AI Can Scale Tutoring. School Is the Hard Part.

In 1984, Benjamin Bloom published a result that still feels faintly impossible. Students who received one-to-one tutoring performed about two standard deviations better than peers in conventional classrooms. The median tutored student looked like a top performer. In percentile terms, Bloom argued that an average student with individual tutoring could reach the level of the 98th percentile in a standard class.

Education has been staring at that number ever since.

The finding was intoxicating and maddening at once. It suggested that huge gains were possible without changing human cognitive limits, because the same children learned far more under different conditions. It also exposed a brutal economic fact: individualized tutoring works partly because it is individualized, and individualized labor does not get cheap just because society wants more of it.

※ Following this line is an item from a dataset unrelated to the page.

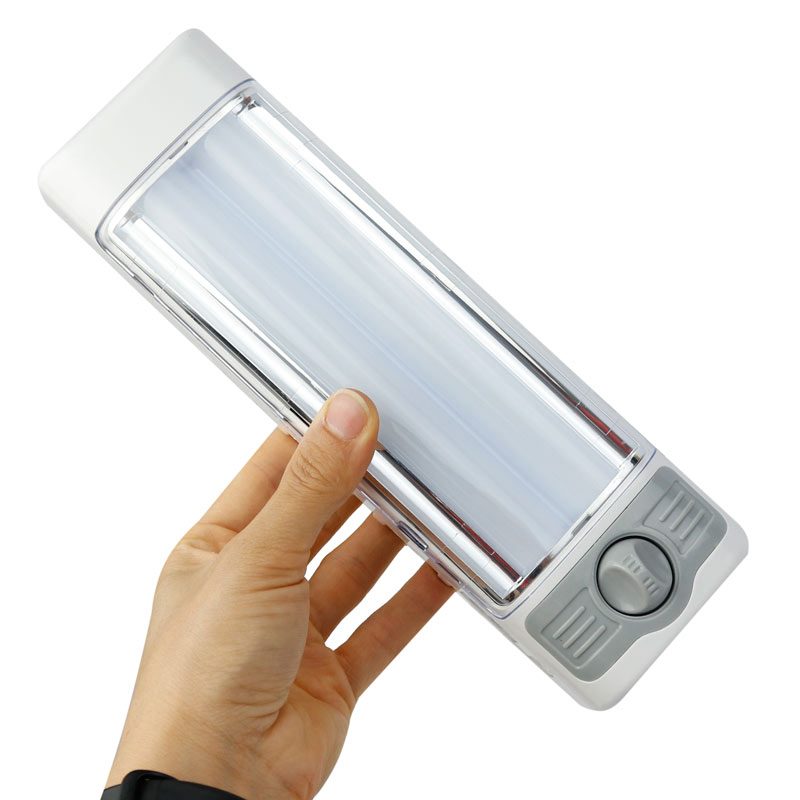 توجه : چراغ مذکور نیازمند شارژ اولیه بوده و از روشن کردن چراغ، همزمان با شارژ کردن آن خودداری نمایید. مجهز به کلید فیزیکی تنظیم میزان روشنایی و دارای کلید روشن و خاموش دارای ۳۶ عدد لامپ SMD با نور مهتابی، تأمین انرژی از طریق برق شهری و دارای درگاه ورودی شارژر پنل خورشیدی باتری از نوع Lead-Acid با ظرفیت ۱۵۰۰ میلی آمپر ساعت و کارکرد و شارژدهی تا حداکثر ۸ ساعت دارای دسته برای حمل آسان چراغ قوه و قابلیت نصب روی دیوار

For forty years, that gap between educational possibility and educational affordability has been one of the quiet scandals of modern schooling. We knew a better experience existed. We could not buy enough of it.

A benchmark the internet never solved

People sometimes talk about online education as if it already answered Bloom. It did not. Recorded lectures made instruction cheaper to distribute, but they did not make it personal. Learning management systems organized assignments, deadlines, grades, and discussion boards, which is useful in the same way a pantry is useful. A pantry is not dinner.

Massive open online courses taught us something awkward. Access to content is not the same as support. Millions of people can watch a lesson. Far fewer can persist through confusion, notice their own misconceptions, and recover from them without help. In many subjects, the wall is not information scarcity. The wall is what happens five minutes after you stop understanding.

That is where tutoring changes the shape of learning. A good tutor does not merely explain. They watch for the squint, the hesitation, the wrong analogy forming in the student’s head. They slow down when needed and accelerate when possible. They ask the next question at the exact moment the learner is ready for it. In practice, they turn a generic sequence into a live conversation.

Bloom’s result was never just about attention. It was about feedback loops.

What tutoring actually buys

The reason tutoring works is less mysterious than it first appears. A classroom teacher has to operate on averages. Even excellent teachers do. They have to move a group through material on a schedule, manage behavior, and keep the social fabric of the room intact. The student who is lost can hide. The student who is bored can drift. Both often do.

A tutor collapses that distance. Misunderstanding is surfaced early, before it calcifies into shame or avoidance. Feedback arrives while the thought is still warm. The explanation can be recast using basketball, K-pop, engines, baking, or whatever language the student already inhabits. That matters more than progressive education slogans ever quite captured. People think with what they already know.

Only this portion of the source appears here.